Il existe une relation entre implantation d’infrastructures et conflit mais aussi la paix. Le déséquilibre spatial lié au manque ou à la mauvaise répartition des infrastructures est souvent source de frustration qui peut aboutir à un conflit. Il n’est pas rare de voir une population se rebeller pour réclamer des infrastructures. Résoudre un conflit c’est aussi lutter contre la pauvreté. L’implantation des infrastructures dans un territoire en conflit peut également favoriser le retour de la paix. Mais il n’est pas dit que partout où il ya manque d’infrastructures, il ya forcément conflit. On ne parle de conflit dans ce contexte que si une frange de la population d’une région prend les armes pour réclamer quelque chose. En effet, implantation d’infrastructures et développement sont également deux concepts intimement liés, mais néanmoins deux dynamiques distinctes qui ne sont pas nécessairement dans un rapport de causalité. On ne peut parler de développement sans infrastructures. Alors qu’on peut nuancer que l’implantation d’infrastructures n’est pas automatiquement synonyme de développement. Ainsi, l’implantation d’infrastructures dans un contexte récent peut trouver dans le territoire un cadre d’expression encore plus favorable pour lui donner plus de consistance. L’implantation est la disposition d’un édifice, d’un habitat, d’un ensemble urbain, etc. dans son cadre urbain et architectural et par rapport à la voirie. Les infrastructures sont des équipements réalisés au sol ou au sous sol. Les infrastructures concernent les ouvrages, les réseaux de transport (voirie et stationnement, chemins de fer, canaux, ports, aéroports et aménagement des cours et plans d’eau).
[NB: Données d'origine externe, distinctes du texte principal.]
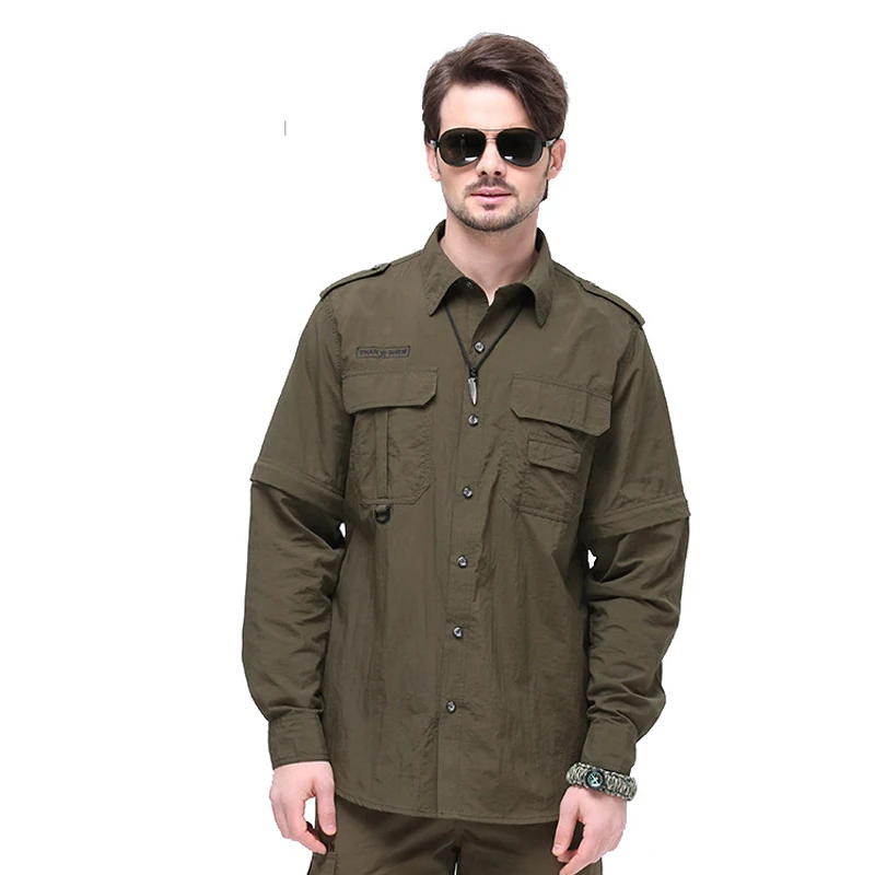 Long Sleeve Shirt Men Detachable Military Casual Shirts Mens Clothes

Le territoire est un vaste espace délimité, approprié par une société qui l’aménage en vue d’assurer la satisfaction de leurs besoins. L’espace communal est selon PELISSIER P. et SAUTER G. une portion du terroir approprié utilisé et aménagé éventuellement par le groupe qui y réside et y tire ses moyens d’existence. Ainsi, à l’image des autres capitales coloniales, la ville de Ziguinchor est marquée par un déséquilibre spatial croissant. Toutes les infrastructures son implantées au centre ville. Cette ancienne stratégie d’aménagement permettait de garantir aux agents de l’administration coloniale un cadre de vie sain et agréable. Ce qui a entraîné le déséquilibre spatial que l’on peut voir dans la physionomie actuelle de la ville.
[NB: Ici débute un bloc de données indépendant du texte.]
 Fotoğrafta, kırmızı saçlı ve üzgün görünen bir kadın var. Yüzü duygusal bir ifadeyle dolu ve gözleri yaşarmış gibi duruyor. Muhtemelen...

Contrairement au centre ville, la périphérie reste marquée par une occupation anarchique du territoire et une carence très profonde en équipements. Les disparités avec le centre ville sont très importantes. Au fur et à mesure que l’on progresse vers la périphérie, le déficit en infrastructures s’accentue. Cela est dû au model de développement hérité de la colonisation, mais aussi au conflit qui prévaut dans la zone d’extension. C’est la configuration que donnent le réseau routier, et les infrastructures économiques et services implantés dans la commune. En effet, les politiques d’aménagement du territoire sont nées de la prise de conscience des disparités régionales de développement tant au niveau national que local. L’aménagement du territoire est une politique volontariste et prospective qui vise à organiser l’espace, à donner un meilleur équilibre géographique plus rationnel des infrastructures favorisant ainsi le développement durable.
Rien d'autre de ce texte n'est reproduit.